Selected clinical studies of antiplatelet therapy and infectionsa
| Study | Study design | Comparison | Outcome |
|---|---|---|---|
| Infective endocarditis | |||
| Chan et al. (11) | Randomized controlled trial | Aspirin (n = 60) vs placebo (n = 55) in patients with IE | No difference in embolic events (OR, 1.62; 95% CI, 0.68–3.86) |
| Anavekar et al. (9) | Single-center retrospective cohort | Chronic antiplatelet therapyb (n = 125) vs none (n = 475) in patients with IE | Fewer embolic events in patients on chronic antiplatelet therapy (aOR, 0.36; 95% CI, 0.19–0.68) |
| Pepin et al. (14) | Single-center retrospective cohort | Chronic antiplatelet therapyc (n = 75) vs none (n = 166) in patients with IE | Lower mortality in patients on chronic antiplatelet therapy (aOR, 0.27; 95% CI, 0.11–0.64) |
| Anavekar et al. (10) | Single-center retrospective cohort, propensity score matched | Chronic antiplatelet therapyb (n = 116) vs none (n = 167) in patients with IE | No difference in embolic events (aOR, 0.71; 95% CI, 0.37–1.36) |
| Pathickal et al. (15) | Single-center retrospective cohort | Chronic anticoagulant/antiplatelet therapyd (n = 20) vs no anticoagulant/antiplatelet therapy (n = 14) in patients with IE | Trend to more embolic events in patients with IE on anticoagulant/antiplatelet therapy (30% vs 7.1% [P = 0.20]) |
| Infections in cardiovascular studies | |||
| Storey et al. (3) | Retrospective cohort | Ticagrelor (n = 9,235) vs clopidogrel (n = 9,186) for DAPT after ACS | Fewer deaths due to sepsis in patients on ticagrelor (7 vs 23 [P = 0.003]) |
| Lupu et al. (6) | Single-center retrospective cohort, propensity score matched | Ticagrelor (n = 2,035) vs clopidogrel (n = 1,874) for DAPT after ACS | Fewer Gram-positive infections with ticagrelor (aHR, 0.36; 95% CI, 0.21–0.61) |
| Butt et al. (7) | Nationwide retrospective cohort | Ticagrelor (n = 20,073) vs clopidogrel (n = 6,533) after PCI | Lower risk of SAB with ticagrelor (ARD, −0.19%; 95% CI, −0.32% to −0.05%) |
| Lee et al. (16) | Population-based cohort, propensity score matched | Ticagrelor (n = 4,759) vs clopidogrel (n = 4,759) after admission for MI | Fewer infectious events in patients on ticagrelor (aHR, 0.74; 95% CI, 0.64–0.85) |
ACS, acute coronary syndrome; aHR, adjusted hazard ratio; aOR, adjusted odds ratio; ARD, absolute risk difference; CI, confidence interval; DAPT, dual antiplatelet therapy; IE, infective endocarditis; MI, myocardial infarction; OR, odds ratio; PCI, percutaneous coronary intervention.

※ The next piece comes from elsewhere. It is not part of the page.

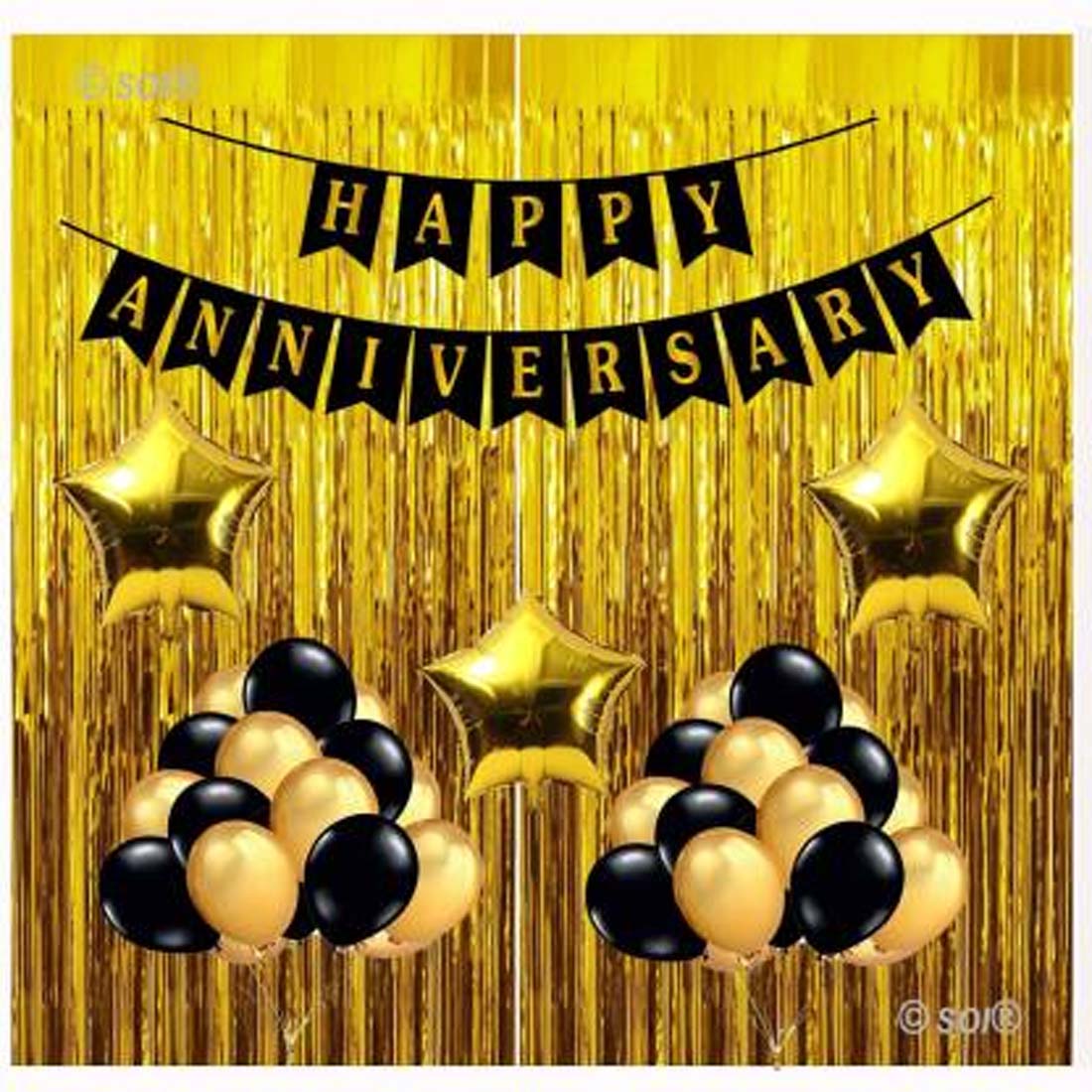 DIY includes: 1 Happy Anniversary Banner Set with Ribbon + 30 Metallic Balloons ( 15Black/15Gold) + 3 Star Gold Foil + Curtain. ( Total Pack of 36)

Antiplatelet therapy included aspirin, dipyridamole, clopidogrel, ticlopidine, or any combination of agents.
Antiplatelet therapy included aspirin, clopidogrel, or a combination of both.
Anticoagulant/antiplatelet therapy included aspirin, clopidogrel, warfarin, apixaban, dabigatran, rivaroxaban, or any combination of agents.
There is an analogous body of literature addressing antiplatelet therapy in infective endocarditis (IE). Platelet activation is critical for vegetation formation, and animal models have shown a protective effect of antiplatelet therapy against IE (8). Among patients with long-term use of antiplatelet therapy for noninfectious indications who subsequently developed endocarditis, embolic events were less common than among patients not on antiplatelet therapy in one cohort (9) but not a subsequent cohort that employed propensity matching (10). Additionally, a small (n = 115) randomized placebo-controlled trial (RCT) studying aspirin use in patients with infective endocarditis did not show reduced embolic events, and the patients may have increased bleeding (11). These studies demonstrate that the role of antiplatelet therapy, including clopidogrel, in the treatment of Gram-positive bacteremia is unsettled, and there is significant value in assessing this in a robust retrospective cohort.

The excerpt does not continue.